According to the expert's observation, a large part of the companies often use too many production machines. There is an urgent need for action here. “If you utilise fewer machines better, you can achieve higher effectiveness and productivity and earn lower machine hourly rates,” explains Lüdtke. “You have to be aware that the more machine capacities companies maintain, the more complex the processes in day-to-day business become.” Entrepreneurs should therefore ask themselves whether each of the available machines is actually needed. Or whether it might make more sense to reduce the machine park step by step and focus on achieving the highest possible productivity with as few machines as possible. “This creates so much clarity and so much transparency,” Lüdtke knows. “Many may not think that is possible.”

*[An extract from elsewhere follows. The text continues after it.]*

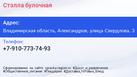 Стэлла, булочная по адресу Владимирская область, Александров, улица Свердлова, 3 в дальнейшем Организация, размещена в следующих категориях:

Still too few unmanned machine running times

The need for action is also evident in the unchanged high proportion of operators on the machines. This amounts to 75 percent among the MW member companies. For Lüdtke, this is a very high figure. “Conversely, in many companies in the industry, only 25 percent work unmanned,” explains the expert. “With a view to an increasingly higher number of automated machines and digitally integrated process chains, there is also enormous potential here. Certainly, this value is also a consequence of the fact that, on average, there is too much manufacturing equipment in the factories.”

Personnel expenditure has improved slightly

The next key figure that should be used to assess the productivity of a company is the average personnel expenditure to generate one spindle hour. This amounts to 1.3 hours in the market mirror. This looks at how much manpower must be spent on machine operation, programming and planning in order to generate a productive spindle hour. Compared to the previous year, the expenditure has dropped by about seven percent. For Lüdtke, this is a silver lining and certainly a consequence of advancing digitalisation. He says: “If companies now manage to improve their machine productivity and unmanned running times, this key figure will make a significant leap downwards.” Starting points besides productivity and unmanned times are the introduction or establishment of standards and automatisms in order to reduce the programming effort and to benefit from higher process reliability."

Degree of automation correlates with company success

Speaking of automation. They seem to be a central element in the strategy development of a successful and productive company. Because according to the Marktspiegel Werkzeugbau, the five best companies have a degree of automation that is around 58 percent higher than the MW industry average.

Digitalisation and automation are therefore important topics that entrepreneurs should continue to work on. For Lüdtke, however, many companies still lack the relevant basic processes. They have to be established in order to be able to automate and standardise in a meaningful way. “Under other market conditions, I would call for immediate action in digitalisation and automation,” the expert explains. However, because such investments are associated with costs and must fit with the company's development, Lüdtke rather advocates avoiding actionism. “Everything that happens should happen in a targeted and controlled manner. That's what matters, no matter what economic or political factors affect the industry.”

Low productivity as a result of poor order situation

Lüdtke sees the companies' continued very low level of productivity as a result of the difficult market situation in 2020. “Many companies were not working to capacity because there were hardly any orders. Consequently, the machines ran much less productively,” says the industry expert. There were liquidity bottlenecks and finally some companies were on the verge of insolvency. Lüdtke understands that entrepreneurs lack the time in such phases to work on basic issues, optimise processes and improve productivity. Nevertheless, one should be careful not to fall into a vicious circle. ´“An emergency situation is always a driver for change,” explains Lüdtke. “That's why we have to see the current situation as an opportunity. We should use the time and become active so that we can remain competitive and make the companies as a whole more fit for the future.”